Although he had already established himself as an actor in Toronto under his birth name of David Elliott on the CBC series Street Legal (1985-88), he was forced to make a minor name alteration since the moniker was already taken by another Screen Actors Guild member. With the Mickey Mouse people out of the way, the lean and mean 6-foot-4-inch actor landed a guest shot on China Beach, immediately followed by a movie-of-the-week with Heather Locklear.
After the hot start, everything dried up for nine months. "I realized I had lost the whole reason I'd become an actor in the first place, started taking acting classes again and changed my perspective," Elliott, 35, said. Things fell into place at a fast clip for the chastened, dry and witty Elliott, with multiple guest-starring roles, a two-season co-starring stint on the syndicated series version of The Untouchables, occasional featured roles in telefilms and recurring parts on Knots Landing and Melrose Place.
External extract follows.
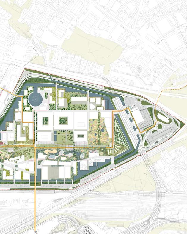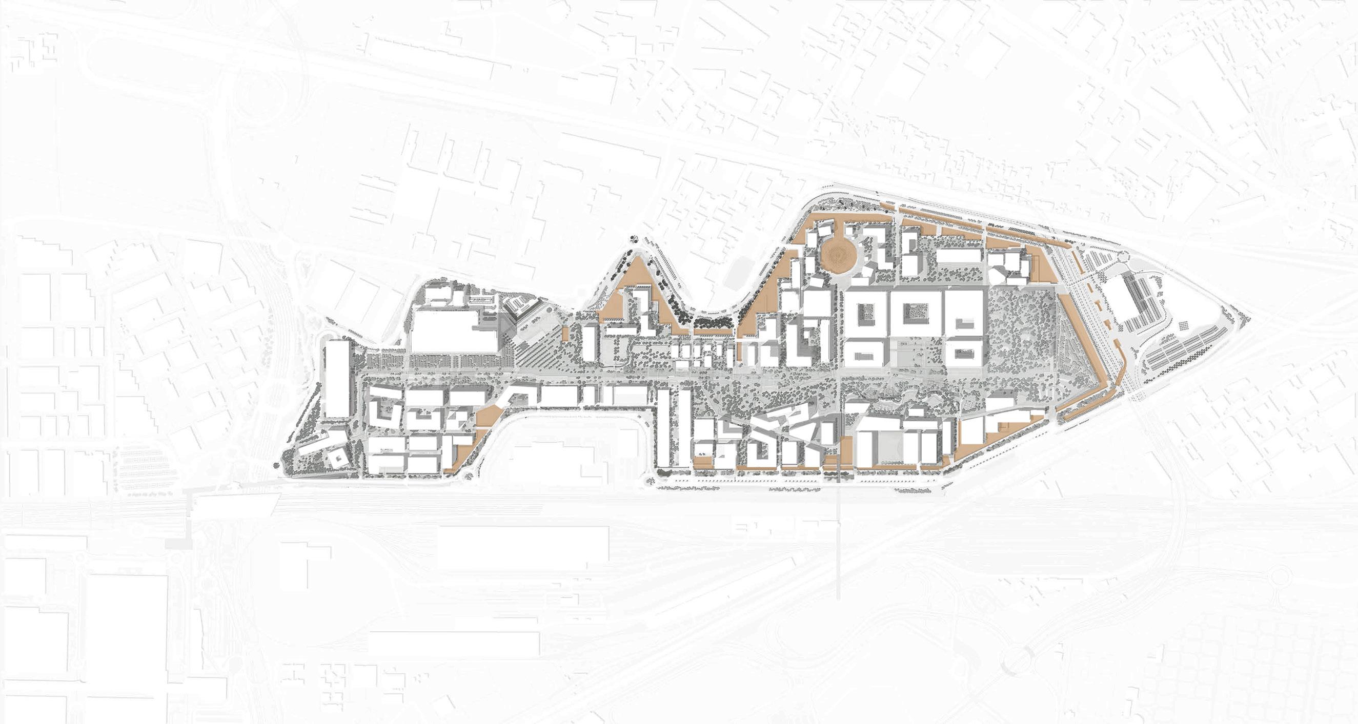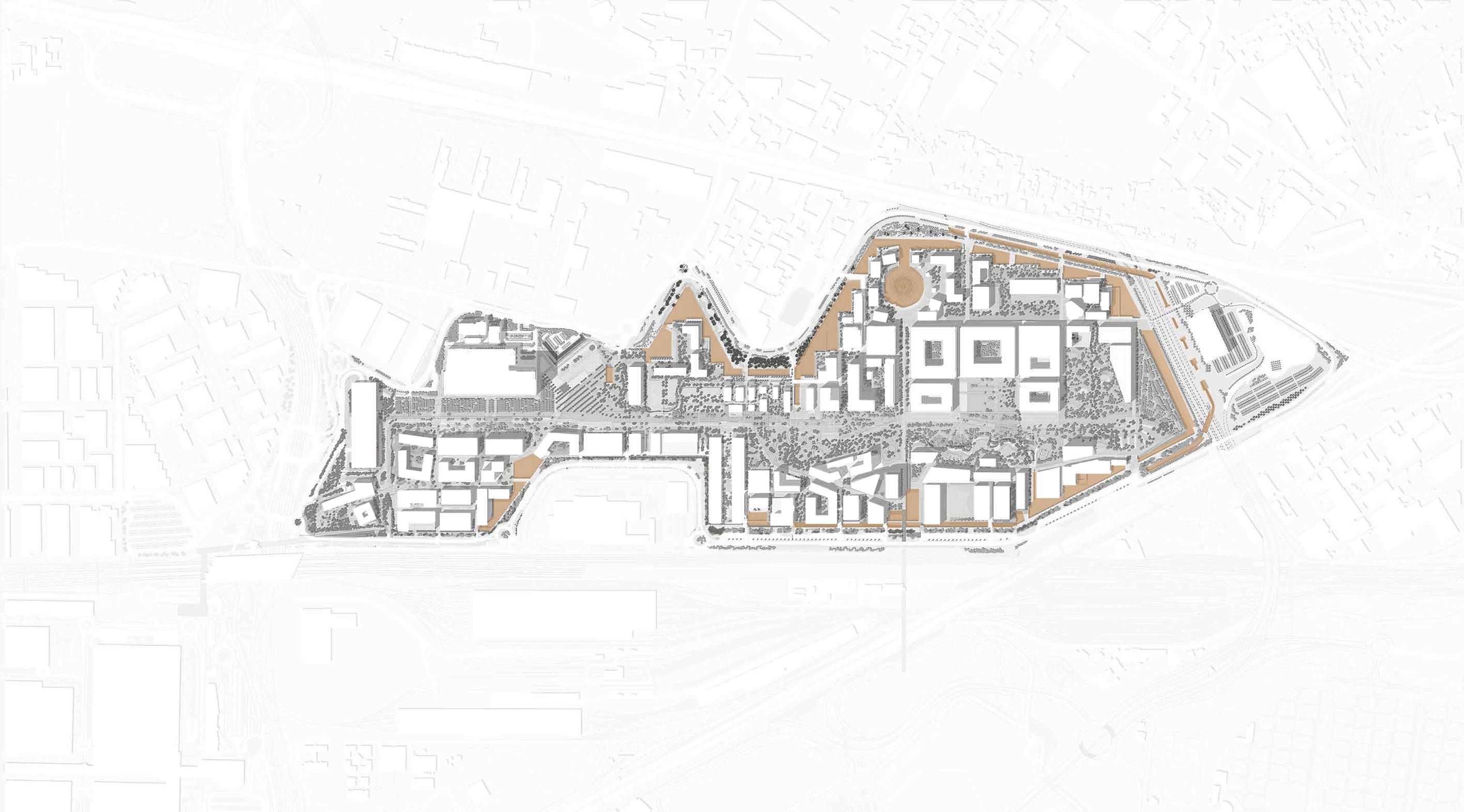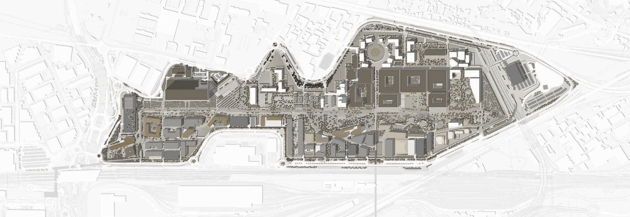 L’area di un milione di metri quadrati ospiterà le sedi di alcune eccellenze di interesse pubblico, oltre ad attività di ricerca, formazione e impresa, servizi e commercio, complessi residenziali, spazi aperti e grandi parchi, agglutinati lungo l’asse longitudinale principale da ovest a est, il Decumano.
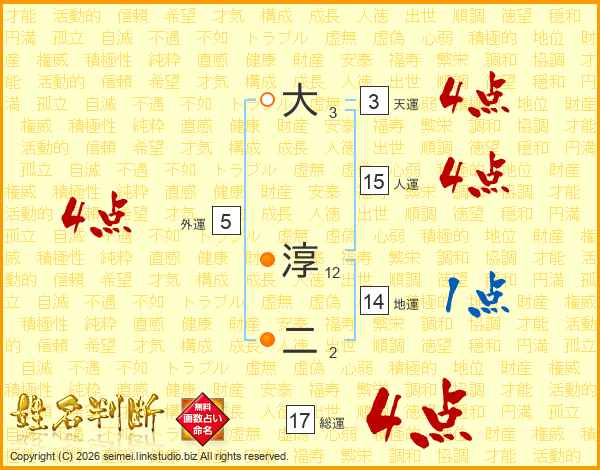大淳二さんの総運は17画の4点!

In JAG, NBC's one-hour, action-adventure series, Elliott portrays Lt. Harmon Rabb Jr., a disgraced fighter pilot-turned-U.S. Navy lawyer assigned to the office of the Judge Advocate General (JAG in Navy parlance). Elliott is not tremendously interested in the future, having reached a dead end after careful planning once before. "I've learned to take one day at a time," he said, yawning, "and just hope that my first big break in the form of a network series leads to great success. If not, so be it.